- Mahishasur Marddini Movie Poster
- Directed by: Ranjan Ghosh
- Written by: Ranjan Ghosh
- Produced by: Pawan Kanodia
- Starring: Rituparna Sengupta Saswata Chatterjee Parambrata Chattopadhyay Koushik Kar Saheb Bhattacharya Poulomi Das Sritama Dey Aryuun Ghosh Arunima Halder Abhyuday Dey
- Cinematography: Subhadeep Dey
- Edited by: Amit Pal
- Music by: Avijit Kundu
- Distributed by: RAA Info and Entertainments
- Release date: November 25, 2022 (India);
- Running time: 126 minutes
- Country: India
- Language: Bengali

= Mahishasur Marddini =

Indian feature film released in 2022

Mahishasur Marddini – A Night to Remember (মহিষাসুরমর্দ্দিনী) is a 2022 India-Bengali film written and directed by acclaimed director Ranjan Ghosh. It stars Rituparna Sengupta, Saswata Chatterjee and Parambrata Chattopadhyay, and is considered as the director's boldest work till date in which he experiments with form and style, combining the elements of theatre and cinema. The film was produced by AVA Film Productions Pvt. Ltd. and co-produced by Vinayak Pictures.

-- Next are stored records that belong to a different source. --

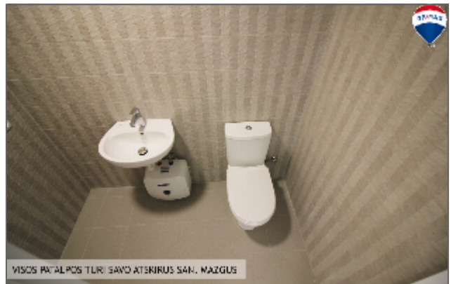
VISOS PATALPOS TURI SAVO ATSEKIRUS SAN. MAŽGUS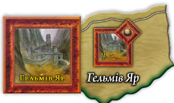
Гельмів Яр Плитки фортець Тіні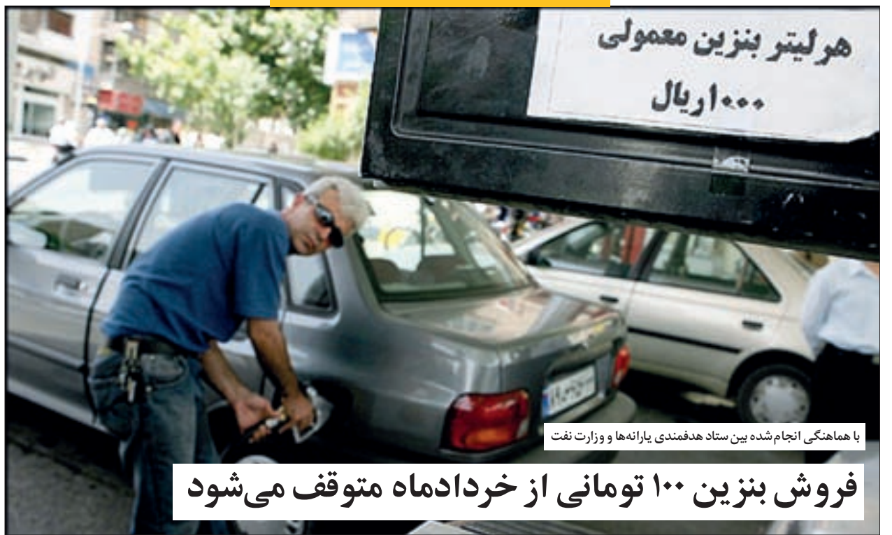
با هماهنگی انجام شده بین ستاد هدفمندی یارانه‌ها و وزارت نفت

فروش بنزین ۱۰۰ تومانی از خردادماه متوقف می‌شود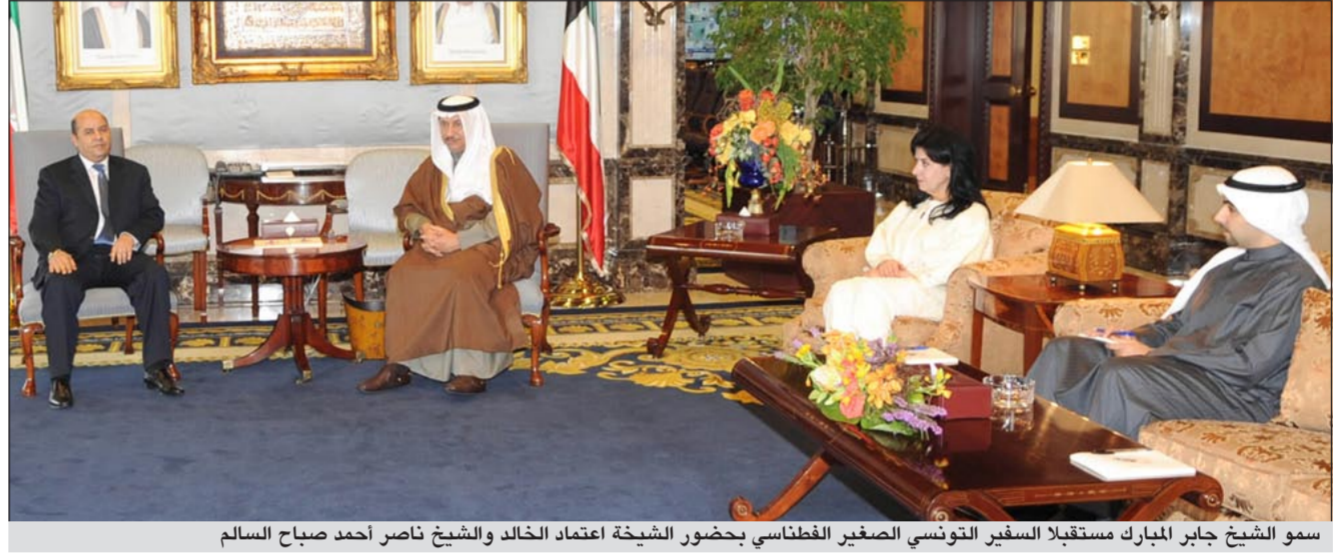
سمو الشيخ جابر المبارك مستقبلاً السفير التونسي الصغير الفطناسي بحضور الشيخة اعتماد الخالد والشيخ ناصر أحمد صباح السالم

استقبل سمو رئيس مجلس الوزراء الشيخ جابر المبارك في قصر السيف امس كلا على حدة سفير جمهورية النمسا السفير اولريخ فرانك وسفير اليابان السفير توشيهيرو تسويهيرا وسفير الجمهورية التونسية السفير الصغير الفطناسي بمناسبة تسلم مهام عملهم لدى الكويت.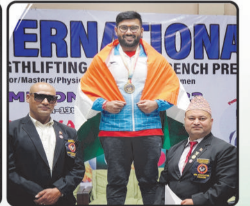
1 Gold Medal In International Strength Lifting & Incline Bench press Championship 2023 Held in Nepal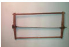
Scie à refendre (2000.190.1 (a)(b))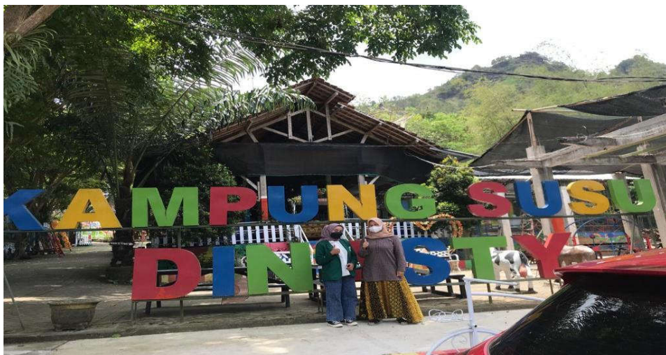
Gambar 4.2 Owner atau pemilik Kampung Susu Dinasty. 91

Hal ini diperkuat dengan hasil observasi penelitian yang dilaksanakan, yang mana pihak Kampung Susu Dinasty memasang sejumlah banner, papan reklame, dan alat sejenis di sekitaran lokasi objek wisata atau di seputar jalan protokol nasional yang dekat dengan lokasi. Hal ini menandakan meskipun Kampung Susu Dinasty telah dikenal luas masyarakat dan telah eksis, namun tetap saja memperkenalkan diri merupakan sebuah hal yang penting untuk dilaksanakan. 90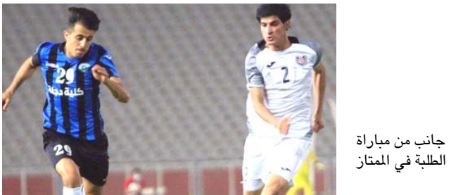
جانب من مباراة الطلبة في الممتاز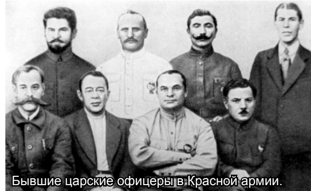
Бывшие царские офицеры в Красной армии.

роду, как к своим единокровным единоверцам, но уже с начала-середины восемнадцатого столетия аристократия в России, лучше владевшая немецким, потом французским и английским языками, во всем подражавшая Европе и стремившаяся пере-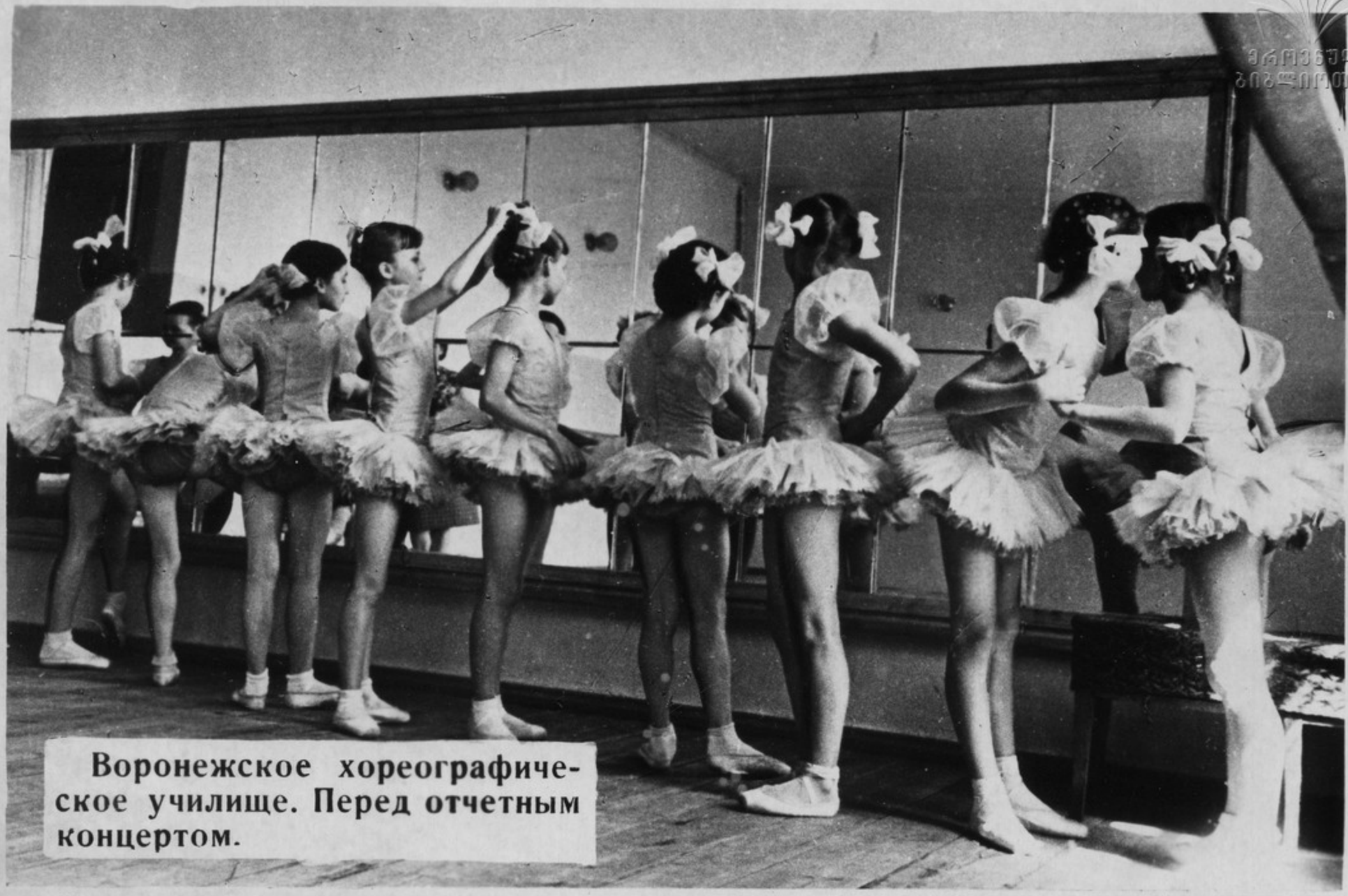
Воронежское хореографическое училище. Перед отчетным концертом.

Впервые в истории человечества страна Советов предоставила женщинам широкие возможности для раскрытия своих талантов и способностей. В мире искусств радуют нас современницы творческими победами и удачами.

The film was nominated in a list of Top 50 Indian Feature Films by FIPRESCI-India for their annual jury Award, the Grand Prix 2022.

The film was screened at the Film and Television Institute of India, Jawaharlal Nehru University, Jamia Millia Islamia, University of Hyderabad, English and Foreign Languages University, University of Kerala, SNDT Women's University, Pondicherry University, IIT Bombay (Indian Institute of Technology - Bombay), Indian Institute of Science Education and Research, Kolkata and Tata Institute of Social Sciences.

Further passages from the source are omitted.